Given records ::

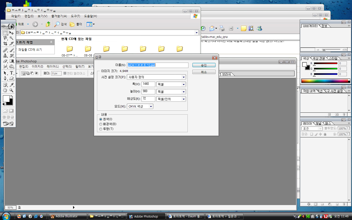 오마이갓............PSD파일만 그런게 아니라 JPG,일러스트 파일 다 안열리고 이상해용 ㅠㅠㅠ
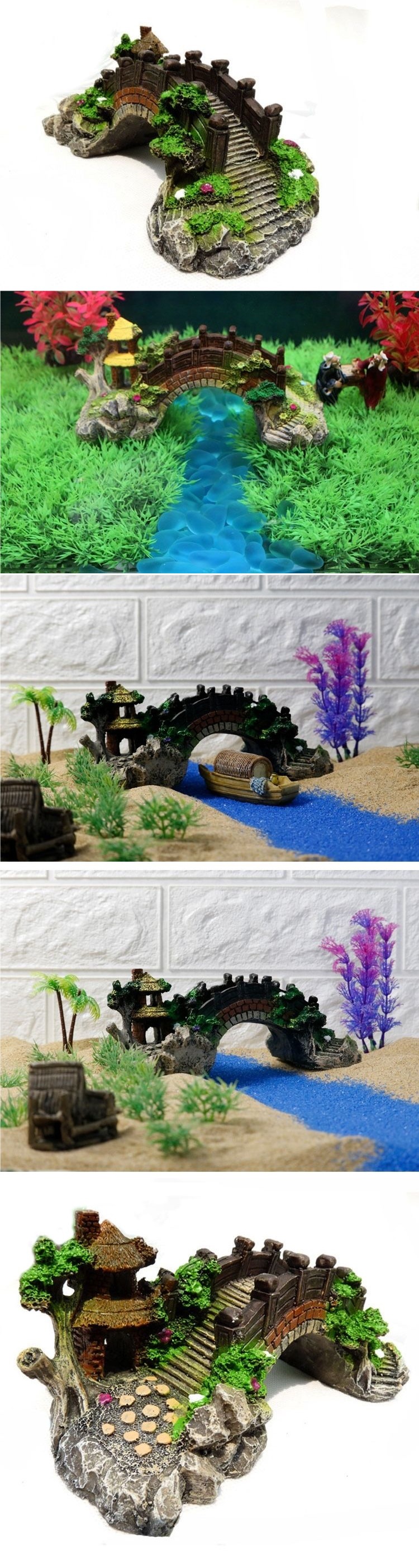 공장 직접 판매 수족관 조경 다리 수지 피난처 키오스크 다리 거북이 탱크 등반 태양 갑판 수조 장식 용품 아치형스토어 가기
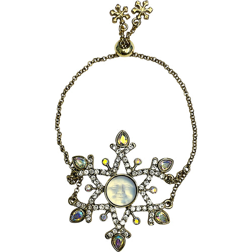 "One Of A Kind" Couture Snow Flurries Glass Seaview Moon Pull Bracelet (Goldtone)
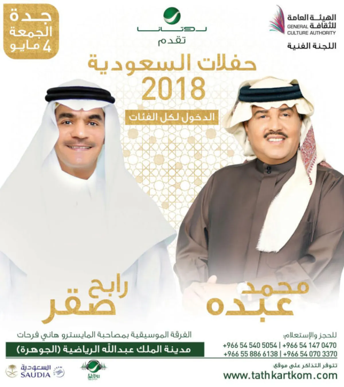 لأول مرّة تبدأ الهيئة العامة للثقافة بالتعاون مع شركة "روتانا" للصوتيات والمرئيات بإقامة أولى الحفلات الغنائية للعائلات، والتي يحييها الفنانان د. محمد عبده ورابح صقر يوم الجمعة بعد القادم (4-5-2018م) في الصالة المغلقة بمدينة الملك عبد الله الرياضية "الجوهرة" بجدة، والدخول لكل الفئات، كما جاء في "بوستر" الحفلة الذي وزعته شركة "روتانا" في مواقع التواصل، والتي تعود من خلاله إلى نشاطها وإحياء الحفلات في جدة، ولتسجّل من خلاله أولى الحفلات التي تنظمها في السعودية لكل فئات المجتمع، والحفل الثاني بعد حفل الفنان د. عبادي الجوهر الذي أحياه للجنسين في مدينة الملك عبد الله الاقتصادية قبل أسبوعين.
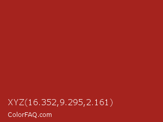 XYZ 16.352,9.295,2.161 Color is a normal red color and the nearest color is Mexican Red #a72525. Hex code #a5231e and RGB value is rgb(165,35,30). In RGB color space, this color is composed of 65% red, 14% green, 12% blue, In CMYK color space, this color is composed of 0% cyan, 79% magenta, 82% yellow , 35% black , In HSL color space, this color has a hue angle of 2° , 69% saturation and 38% lightness.
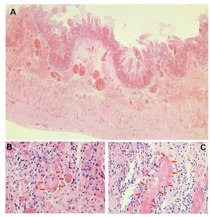 Figure 3. Hematoxylin and eosin–stained sections of necrotic intestine. (A) × 40: preserved wall structure with congestion, hemorrhage, and mucosal necrosis. (B,C) × 400: red arrows indicating intravascular throm.
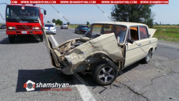 Այսօր՝ օգոստոսի 21-ին, ավտովթար է տեղի ունեցել Արմավիրի մարզում: Ժամը 13:30-ի սահմաններում Երևան-Արմավիր ավտոճանապարհի 25-րդ կմ հատվածում բախվել են BYD մակնիշի 34 VF 030 համարանիշի և ВАЗ 2106 մակնիշի 34 PZ 955 համարանիշի ավտոմեքենաները: Ինչպես դեպքի վայրից հայտնում է ֆոտոլրագրող Գագիկ Շամշյանը, բախման հետևանքով BYD-ը առաջ է ընթացել դեպի հանդիպակաց երթևեկելի գոտի և հայտնվել ձորակում: Վթարի հետևանքով 1 հոգի մարմնական վնասվածքներով տեղափոխվել է Վաղարշապատի բժշկական կենտրոն: Օպերատիվորեն դեպքի վայր են ժամանել Արտակարգ իրավիճակների նախարարության փրկարար ծառայության Վաղարշապատի թիվ 29 հրշեջ-փրկարարական ջոկատը՝ 1 մարտական հաշվարկով՝ ջոկատի հրամանատար Վահան Մկրտչյանի գլխավորությամբ: Ժամանել են նաև ճանապարհային ոստիկանության 2-րդ սպայական գումարտակի 1-ին վաշտի 1-ին դասակի ծառայողները՝ դասակի հրամանատար Կարեն Աբելյանի գլխավորությամբ: Վթարի մասին ՃՈ 1-77 օպերատիվ կառավարման կենտրոնի պատասխանատու հերթապահ Յուրա Հովհաննիսյանը տեղեկությունը փոխանցել է ոստիկանության Վաղարշապատի բաժին, որտեղից ժամանել է օպերատիվ խումբը՝ բաժնի պետ Գևորգ Հակոբյանի գլխավորությամբ: Փրկարարները հոսանքազրկել են ավտոմեքենաները, փակել գազաբալոններն ու սահմանազատել տարածքը: Փաստի առթիվ ՃՈ 2-րդ սպայական գումարտակի 1-ին վաշտի հետաքննիչ Նարեկ Պետրոսյանի կողմից նյութեր են նախապատրաստվում: Ոստիկանությունը պարզում է վարորդների և վիրավորի ինքնությունը: Ծանուցում. Ենթադրյալ հանցանքի մեջ կասկածվողը կամ մեղադրվողը համարվում է անմեղ, քանի դեռ նրա մեղավորությունն ապացուցված չէ ՀՀ քրեական դատավարության օրենսգրքով սահմանված կարգով` դատարանի` օրինական ուժի մեջ մտած դատավճռով:
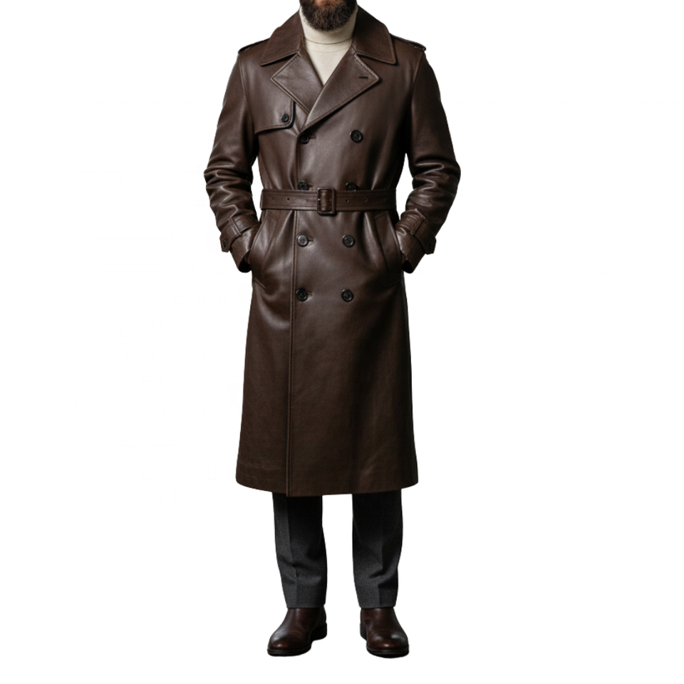 Manteau long d'hiver en cuir de haute qualité pour hommes nouveau Trench élégant avec le meilleur matériel prix de gros manteau long en cuir véritable pour hommes

Task brief :: Your task is to restate word for word the lines from the one containing "Այսօր՝ օգոստոսի 21-ին, ավտովթար" through the last line of the data, both ends included, with no pictures.

Answer below ::
 Այսօր՝ օգոստոսի 21-ին, ավտովթար է տեղի ունեցել Արմավիրի մարզում: Ժամը 13:30-ի սահմաններում Երևան-Արմավիր ավտոճանապարհի 25-րդ կմ հատվածում բախվել են BYD մակնիշի 34 VF 030 համարանիշի և ВАЗ 2106 մակնիշի 34 PZ 955 համարանիշի ավտոմեքենաները: Ինչպես դեպքի վայրից հայտնում է ֆոտոլրագրող Գագիկ Շամշյանը, բախման հետևանքով BYD-ը առաջ է ընթացել դեպի հանդիպակաց երթևեկելի գոտի և հայտնվել ձորակում: Վթարի հետևանքով 1 հոգի մարմնական վնասվածքներով տեղափոխվել է Վաղարշապատի բժշկական կենտրոն: Օպերատիվորեն դեպքի վայր են ժամանել Արտակարգ իրավիճակների նախարարության փրկարար ծառայության Վաղարշապատի թիվ 29 հրշեջ-փրկարարական ջոկատը՝ 1 մարտական հաշվարկով՝ ջոկատի հրամանատար Վահան Մկրտչյանի գլխավորությամբ: Ժամանել են նաև ճանապարհային ոստիկանության 2-րդ սպայական գումարտակի 1-ին վաշտի 1-ին դասակի ծառայողները՝ դասակի հրամանատար Կարեն Աբելյանի գլխավորությամբ: Վթարի մասին ՃՈ 1-77 օպերատիվ կառավարման կենտրոնի պատասխանատու հերթապահ Յուրա Հովհաննիսյանը տեղեկությունը փոխանցել է ոստիկանության Վաղարշապատի բաժին, որտեղից ժամանել է օպերատիվ խումբը՝ բաժնի պետ Գևորգ Հակոբյանի գլխավորությամբ: Փրկարարները հոսանքազրկել են ավտոմեքենաները, փակել գազաբալոններն ու սահմանազատել տարածքը: Փաստի առթիվ ՃՈ 2-րդ սպայական գումարտակի 1-ին վաշտի հետաքննիչ Նարեկ Պետրոսյանի կողմից նյութեր են նախապատրաստվում: Ոստիկանությունը պարզում է վարորդների և վիրավորի ինքնությունը: Ծանուցում. Ենթադրյալ հանցանքի մեջ կասկածվողը կամ մեղադրվողը համարվում է անմեղ, քանի դեռ նրա մեղավորությունն ապացուցված չէ ՀՀ քրեական դատավարության օրենսգրքով սահմանված կարգով` դատարանի` օրինական ուժի մեջ մտած դատավճռով:
 Manteau long d'hiver en cuir de haute qualité pour hommes nouveau Trench élégant avec le meilleur matériel prix de gros manteau long en cuir véritable pour hommes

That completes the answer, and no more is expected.